CI/CD Integration for Spatial Data

Automating the generation, validation, and promotion of synthetic spatial datasets demands a disciplined continuous-integration and continuous-delivery strategy that treats geometry as a first-class, machine-enforceable contract. This page extends Synthetic Spatial Data Architecture & Fundamentals, applying its deterministic-generation and spatial-contract principles to the pipeline layer where commits become published artifacts. Unlike tabular pipelines, spatial workflows must enforce coordinate reference system consistency, topological integrity, and statistical fidelity at every commit — and they must do so in containers that pin the exact geospatial stack, because a single unpinned library can silently rewrite every coordinate that flows through it.

Problem Framing: Failures That Pass Schema But Corrupt Geometry

The defining hazard of spatial CI/CD is the silent failure. A tabular pipeline that breaks usually throws: a type mismatch, a null where a value was required, a row count that collapses to zero. Spatial pipelines fail differently. A subtle coordinate reference system drift — a runner that falls back to an implicit EPSG:4326 because PROJ_LIB was never set — produces a dataset that is perfectly well-formed JSON, passes every column-level schema assertion, and is geometrically wrong by hundreds of metres. The error only surfaces three stages downstream, when a spatial join returns zero matches or an ML feature store ingests misaligned rasters.

The second class of silent failure is topological: generators emit self-intersecting rings, inverted winding order, or sliver polygons a few microns wide. These geometries serialize cleanly and may even render, but ST_Area returns negative values, buffering explodes the vertex count, and tessellation aggregations leak across boundaries. A spatial CI gate exists to convert these silent corruptions into loud, blocking failures before an artifact is promoted. The three failures this page is built to stop are CRS drift, topology violation, and statistical degradation — each caught by its own gate, each a hard stop.

Prerequisites & Toolchain

Spatial CI is reproducible only when the geospatial stack is pinned to exact versions and executed inside a container image that is itself version-tagged.
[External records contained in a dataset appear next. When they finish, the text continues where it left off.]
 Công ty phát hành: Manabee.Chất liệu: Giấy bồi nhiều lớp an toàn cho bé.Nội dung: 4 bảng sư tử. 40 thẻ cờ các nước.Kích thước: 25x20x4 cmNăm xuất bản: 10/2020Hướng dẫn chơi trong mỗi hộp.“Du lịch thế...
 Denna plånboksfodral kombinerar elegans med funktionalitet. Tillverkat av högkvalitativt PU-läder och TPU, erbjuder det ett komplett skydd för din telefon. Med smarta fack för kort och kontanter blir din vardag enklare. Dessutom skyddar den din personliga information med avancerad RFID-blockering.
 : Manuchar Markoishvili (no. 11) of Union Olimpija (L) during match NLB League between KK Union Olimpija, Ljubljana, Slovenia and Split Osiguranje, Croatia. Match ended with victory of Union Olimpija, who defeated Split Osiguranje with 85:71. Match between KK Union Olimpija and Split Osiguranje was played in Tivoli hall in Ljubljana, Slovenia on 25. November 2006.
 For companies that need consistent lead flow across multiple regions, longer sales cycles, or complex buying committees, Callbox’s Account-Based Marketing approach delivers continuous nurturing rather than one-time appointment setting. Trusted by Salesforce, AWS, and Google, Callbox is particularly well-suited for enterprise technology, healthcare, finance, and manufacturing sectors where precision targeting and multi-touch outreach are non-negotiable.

The “works on my machine” failure mode is not a developer inconvenience here — it is a correctness bug, because GDAL and PROJ carry the projection database that defines what a coordinate means.
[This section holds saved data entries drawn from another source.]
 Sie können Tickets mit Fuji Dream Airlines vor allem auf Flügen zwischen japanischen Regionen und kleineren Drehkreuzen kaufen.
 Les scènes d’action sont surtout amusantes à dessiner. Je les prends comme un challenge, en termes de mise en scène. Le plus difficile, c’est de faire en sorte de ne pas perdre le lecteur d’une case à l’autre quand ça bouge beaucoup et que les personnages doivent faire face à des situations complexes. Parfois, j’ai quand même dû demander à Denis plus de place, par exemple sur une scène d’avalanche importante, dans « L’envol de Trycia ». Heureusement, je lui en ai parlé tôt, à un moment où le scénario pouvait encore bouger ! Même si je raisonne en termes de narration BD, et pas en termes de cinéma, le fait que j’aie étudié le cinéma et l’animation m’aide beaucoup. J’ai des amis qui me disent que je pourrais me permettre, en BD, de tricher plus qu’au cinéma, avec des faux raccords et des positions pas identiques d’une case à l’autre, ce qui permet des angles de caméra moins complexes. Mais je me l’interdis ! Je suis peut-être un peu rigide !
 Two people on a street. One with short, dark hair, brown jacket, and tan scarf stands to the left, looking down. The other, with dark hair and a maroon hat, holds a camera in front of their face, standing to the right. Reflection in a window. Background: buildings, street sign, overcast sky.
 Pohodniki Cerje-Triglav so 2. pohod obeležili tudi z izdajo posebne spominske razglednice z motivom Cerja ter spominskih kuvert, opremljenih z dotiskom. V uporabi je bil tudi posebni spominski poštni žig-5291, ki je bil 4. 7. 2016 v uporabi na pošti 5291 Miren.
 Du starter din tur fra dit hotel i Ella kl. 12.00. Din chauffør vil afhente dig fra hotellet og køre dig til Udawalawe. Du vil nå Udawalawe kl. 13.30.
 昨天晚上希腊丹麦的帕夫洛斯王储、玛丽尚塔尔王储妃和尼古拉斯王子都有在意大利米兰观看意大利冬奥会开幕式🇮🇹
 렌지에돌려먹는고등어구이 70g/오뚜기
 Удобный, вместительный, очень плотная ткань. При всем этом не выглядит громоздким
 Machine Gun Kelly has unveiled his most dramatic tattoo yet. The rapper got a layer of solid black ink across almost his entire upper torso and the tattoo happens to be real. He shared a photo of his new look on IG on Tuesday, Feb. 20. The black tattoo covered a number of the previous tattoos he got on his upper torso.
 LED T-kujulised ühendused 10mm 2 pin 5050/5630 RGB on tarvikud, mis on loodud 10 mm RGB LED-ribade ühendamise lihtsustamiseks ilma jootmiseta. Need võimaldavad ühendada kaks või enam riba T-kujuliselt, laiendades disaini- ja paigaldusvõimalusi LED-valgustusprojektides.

Pin the following in the runner image and in requirements.txt:

Component	Version	Why it must be pinned
GDAL	3.x	Carries the driver and the PROJ binding; a minor bump can change WKT output
PROJ	9.x	Ships the projection database; version skew shifts transformed coordinates
GeoPandas	0.14.x	Vectorized geometry I/O and CRS handling used by every gate
Shapely	2.x	Topology predicates and `make_valid` auto-repair
pyproj	3.x	Explicit CRS objects and transformer construction

Set PROJ_LIB and GDAL_DATA explicitly in the workflow environment rather than trusting the base image. A minimal pinned environment looks like this:

dockerfile
# Dockerfile.spatial-ci — the single source of geospatial truth for every runner
FROM python:3.11-slim

ENV PROJ_LIB=/usr/share/proj \
    GDAL_DATA=/usr/share/gdal \
    PYTHONHASHSEED=0

RUN apt-get update && apt-get install -y --no-install-recommends \
        gdal-bin=3.* libgdal-dev=3.* proj-bin=9.* && \
    rm -rf /var/lib/apt/lists/*

COPY requirements.txt .
RUN pip install --no-cache-dir -r requirements.txt


# requirements.txt — exact pins, no ranges
geopandas==0.14.4
shapely==2.0.4
pyproj==3.6.1
pyarrow==16.1.0
esda==2.5.1
libpysal==4.11.0

Setting PYTHONHASHSEED=0 and pinning every transitive dependency is what makes two runs on two runners byte-identical — the same determinism guarantee that the scoping rules and data contracts require of the generation stage itself.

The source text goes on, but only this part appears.